"Do what?" he asked, utterly surprised.

"Drag me from my horse when I'd distanced the field! I wanted to be in at the death—all alone—by myself. I'd have won out except for your blundering. Never realized what you were attempting until you had hold of me."

A genuine disappointment tempered the flame in her dark eyes and the anger of her tone.

"But the sorrel was running away," Childress protested. "Don't you realize that you might have been——"

"The sorrel was running with the hounds as only Princess can run," she interrupted.

"Ma'am, your rein had broken and I was afraid——"

"I can't see in the least how that concerns a stranger," she flashed. "Did any one ask you to be afraid? Not I, at any rate. Down on the ranch I often ride Princess without any rein at all and she was obeying every knee signal I gave her until you crashed in."

A faint shout, succeeded by a chorus of the same, came from the crest of the rise which they just had topped so perilously. Childress looked over his shoulder to see a dozen well-mounted huntsmen and women gazing down at them.

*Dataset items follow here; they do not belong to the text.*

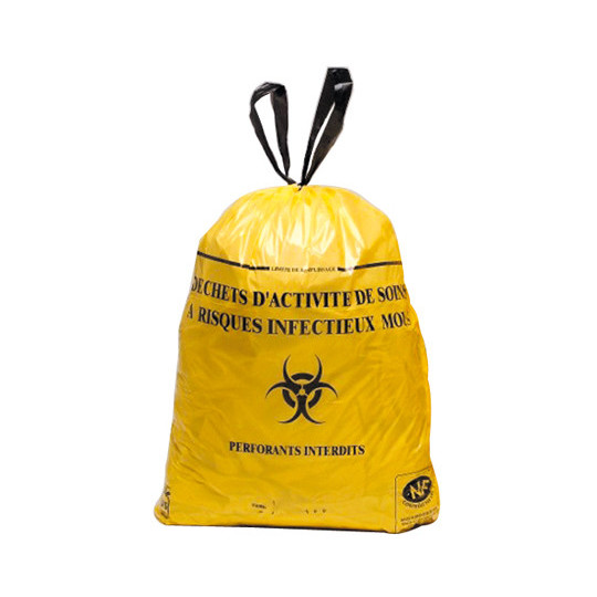 C'est un sac de couleur jaune qui convient d’habitude pour les champs opératoires usagés, les compresses souillées, ou encore les vêtements à usage unique. Les déchets médicaux qui y sont jetés ne sont jamais coupants, encore moins perforants. Le sac est en polyéthylène avec liens coulissants afin d’offrir une fermeture plus facile et plus sécuriser. Il est proposé en plusieurs dimensions. Il peut également devenir très utile pour certains patients qui se retrouvent en autotraitement. Le sac porte l’intitulé « Déchets à risques infectieux mous », ainsi que le pictogramme « risque biologique ».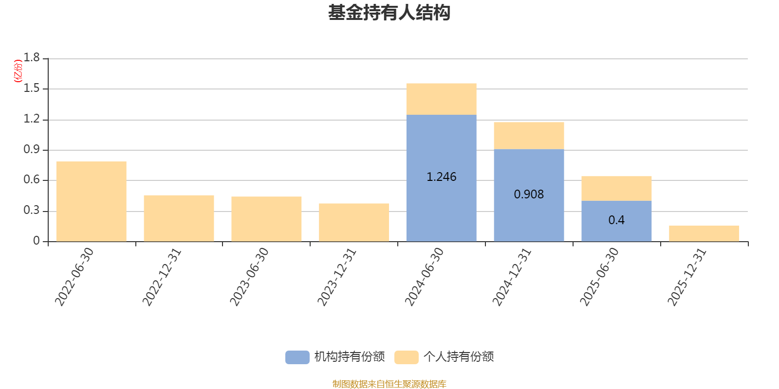 截至2025年12月31日,基金持有人共计1885户,合计持有1549.16万份。其中管理人员工持有7.19万份,占比0.46%,个人投资者占比100.00%。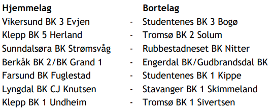 Studentenes BK 3, Klepp BK 5, Sunndalsøra BK, Engerdal BK, Studentenes BK 1, Stavanger BK 1, Tromsø BK 1.

"Oh—oh, they have seen!" cried his burden of beauty. "Set me down—instantly!"

A wilted feeling possessed the rescuer. In all good faith he had "run a beezer." The situation would not have been worse had he insisted on saving Annette Kellerman from drowning or putting out a fire consisting only of motion-picture smoke pots. With a groan for his distressing blunder, he lifted her down; then meekly followed her.